◆ **Exercise objective**: Start to finish, retype the entries exactly while omitting the pictures.

◆ **Provided data**:
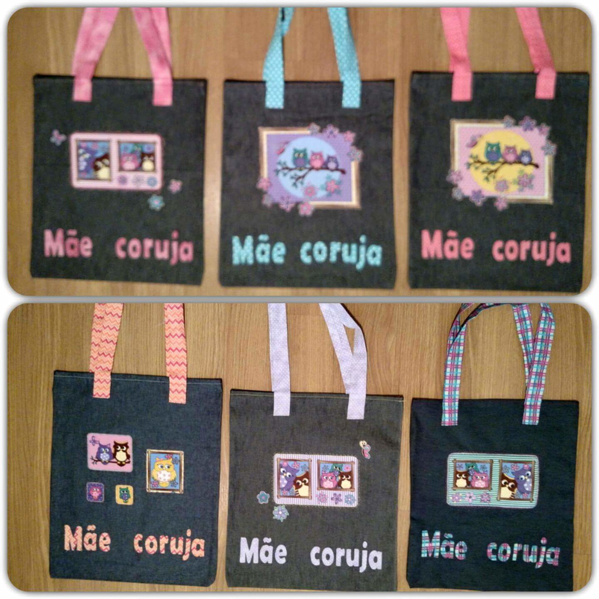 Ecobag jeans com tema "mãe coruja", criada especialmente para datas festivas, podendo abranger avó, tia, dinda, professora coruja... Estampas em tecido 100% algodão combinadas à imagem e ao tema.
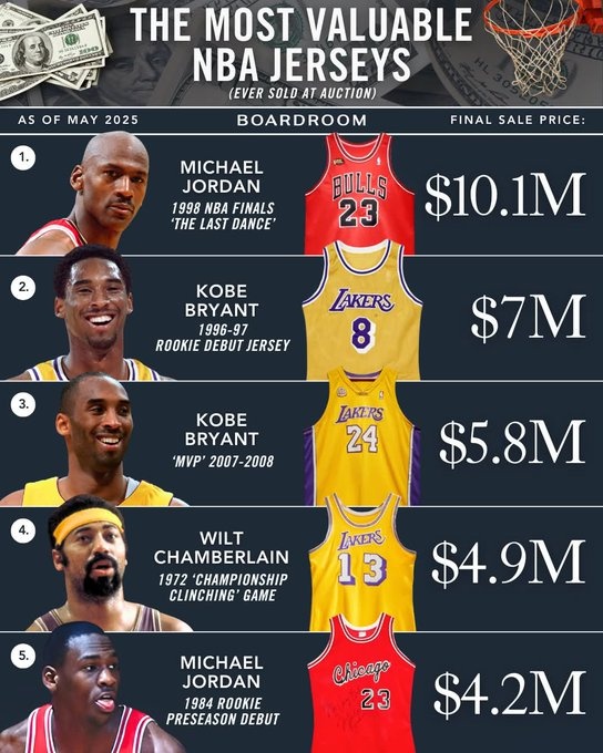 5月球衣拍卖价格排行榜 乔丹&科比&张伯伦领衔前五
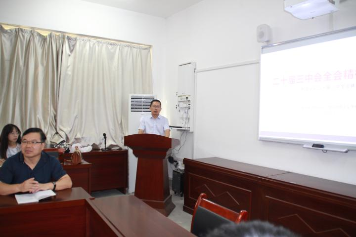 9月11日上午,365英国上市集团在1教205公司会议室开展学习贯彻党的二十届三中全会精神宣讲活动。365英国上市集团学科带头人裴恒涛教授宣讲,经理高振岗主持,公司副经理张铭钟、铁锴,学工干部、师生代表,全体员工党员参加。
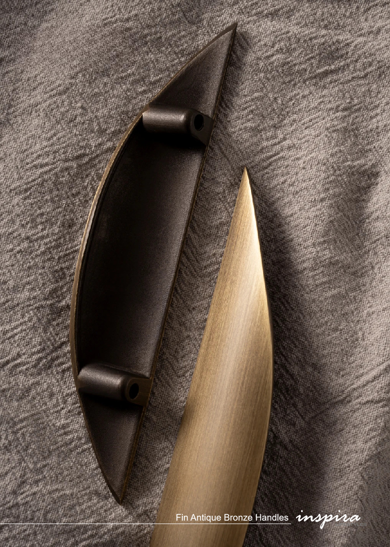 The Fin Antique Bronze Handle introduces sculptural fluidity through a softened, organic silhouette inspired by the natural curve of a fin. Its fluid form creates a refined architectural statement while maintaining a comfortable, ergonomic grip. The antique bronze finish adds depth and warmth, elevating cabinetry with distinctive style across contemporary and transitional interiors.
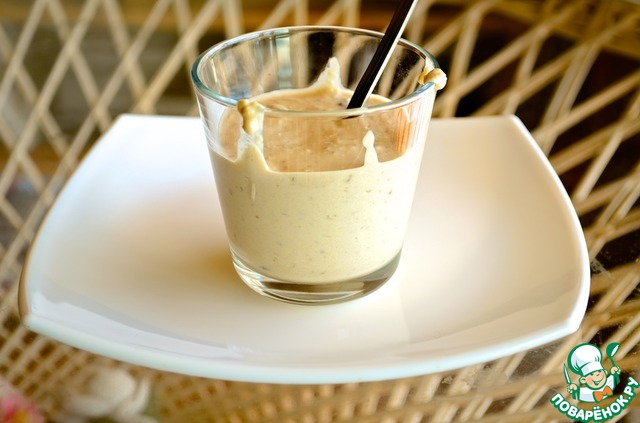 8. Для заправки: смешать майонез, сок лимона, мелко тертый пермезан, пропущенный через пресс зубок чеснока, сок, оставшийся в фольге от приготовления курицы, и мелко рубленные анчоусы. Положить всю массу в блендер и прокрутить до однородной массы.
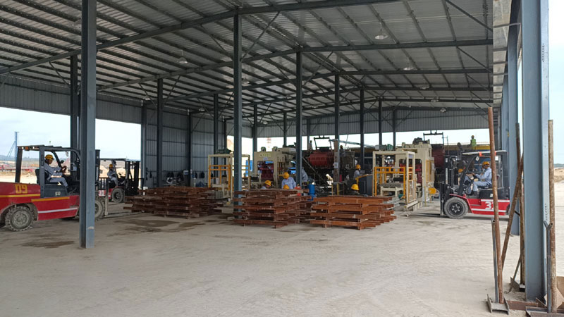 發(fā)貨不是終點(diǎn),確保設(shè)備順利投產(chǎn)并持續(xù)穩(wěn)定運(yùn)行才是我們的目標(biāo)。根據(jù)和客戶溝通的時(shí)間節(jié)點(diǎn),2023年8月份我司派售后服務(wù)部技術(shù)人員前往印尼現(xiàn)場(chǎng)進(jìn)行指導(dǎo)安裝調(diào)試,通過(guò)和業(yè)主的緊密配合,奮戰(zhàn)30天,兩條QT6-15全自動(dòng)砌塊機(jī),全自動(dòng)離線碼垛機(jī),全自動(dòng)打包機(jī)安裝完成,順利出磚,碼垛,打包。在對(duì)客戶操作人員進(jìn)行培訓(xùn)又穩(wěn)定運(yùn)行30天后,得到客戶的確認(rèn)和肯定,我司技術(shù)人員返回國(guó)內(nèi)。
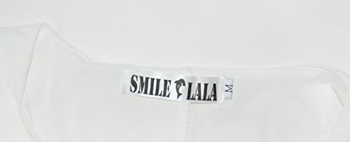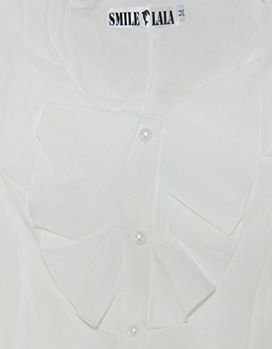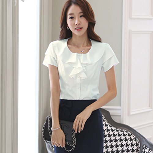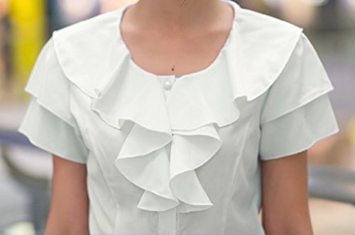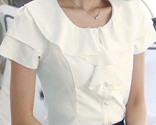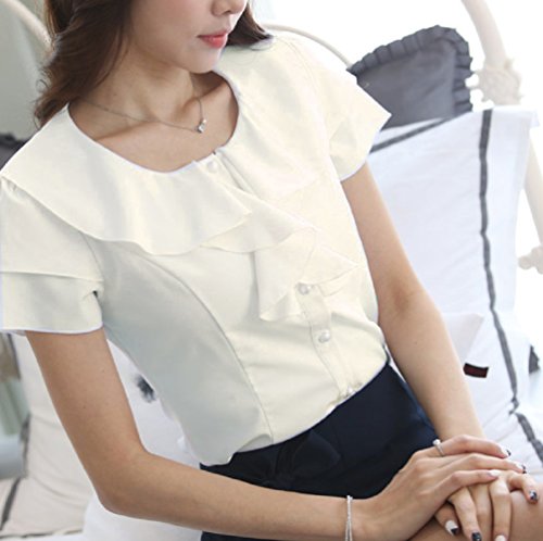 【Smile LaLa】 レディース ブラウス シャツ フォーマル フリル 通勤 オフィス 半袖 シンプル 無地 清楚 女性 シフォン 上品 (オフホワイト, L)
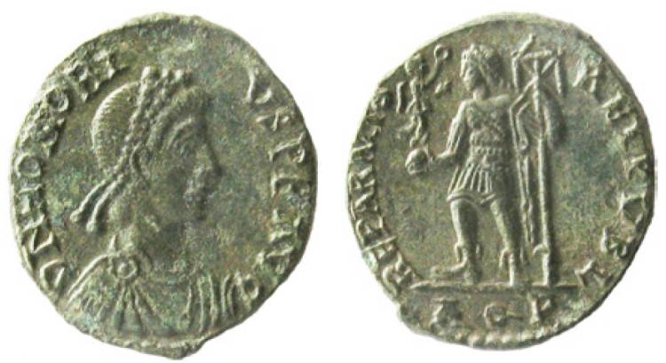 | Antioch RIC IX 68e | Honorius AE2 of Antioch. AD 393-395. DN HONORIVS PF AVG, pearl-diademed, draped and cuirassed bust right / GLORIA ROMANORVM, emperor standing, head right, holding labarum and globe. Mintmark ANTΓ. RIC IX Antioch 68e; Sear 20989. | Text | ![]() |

◆ **Response area**:
 Ecobag jeans com tema "mãe coruja", criada especialmente para datas festivas, podendo abranger avó, tia, dinda, professora coruja... Estampas em tecido 100% algodão combinadas à imagem e ao tema.
 5月球衣拍卖价格排行榜 乔丹&科比&张伯伦领衔前五
 9月11日上午,365英国上市集团在1教205公司会议室开展学习贯彻党的二十届三中全会精神宣讲活动。365英国上市集团学科带头人裴恒涛教授宣讲,经理高振岗主持,公司副经理张铭钟、铁锴,学工干部、师生代表,全体员工党员参加。
 The Fin Antique Bronze Handle introduces sculptural fluidity through a softened, organic silhouette inspired by the natural curve of a fin. Its fluid form creates a refined architectural statement while maintaining a comfortable, ergonomic grip. The antique bronze finish adds depth and warmth, elevating cabinetry with distinctive style across contemporary and transitional interiors.
 8. Для заправки: смешать майонез, сок лимона, мелко тертый пермезан, пропущенный через пресс зубок чеснока, сок, оставшийся в фольге от приготовления курицы, и мелко рубленные анчоусы. Положить всю массу в блендер и прокрутить до однородной массы.
 發(fā)貨不是終點(diǎn),確保設(shè)備順利投產(chǎn)并持續(xù)穩(wěn)定運(yùn)行才是我們的目標(biāo)。根據(jù)和客戶溝通的時(shí)間節(jié)點(diǎn),2023年8月份我司派售后服務(wù)部技術(shù)人員前往印尼現(xiàn)場(chǎng)進(jìn)行指導(dǎo)安裝調(diào)試,通過(guò)和業(yè)主的緊密配合,奮戰(zhàn)30天,兩條QT6-15全自動(dòng)砌塊機(jī),全自動(dòng)離線碼垛機(jī),全自動(dòng)打包機(jī)安裝完成,順利出磚,碼垛,打包。在對(duì)客戶操作人員進(jìn)行培訓(xùn)又穩(wěn)定運(yùn)行30天后,得到客戶的確認(rèn)和肯定,我司技術(shù)人員返回國(guó)內(nèi)。
 【Smile LaLa】 レディース ブラウス シャツ フォーマル フリル 通勤 オフィス 半袖 シンプル 無地 清楚 女性 シフォン 上品 (オフホワイト, L)
 | Antioch RIC IX 68e | Honorius AE2 of Antioch. AD 393-395. DN HONORIVS PF AVG, pearl-diademed, draped and cuirassed bust right / GLORIA ROMANORVM, emperor standing, head right, holding labarum and globe. Mintmark ANTΓ. RIC IX Antioch 68e; Sear 20989. | Text | ![]() |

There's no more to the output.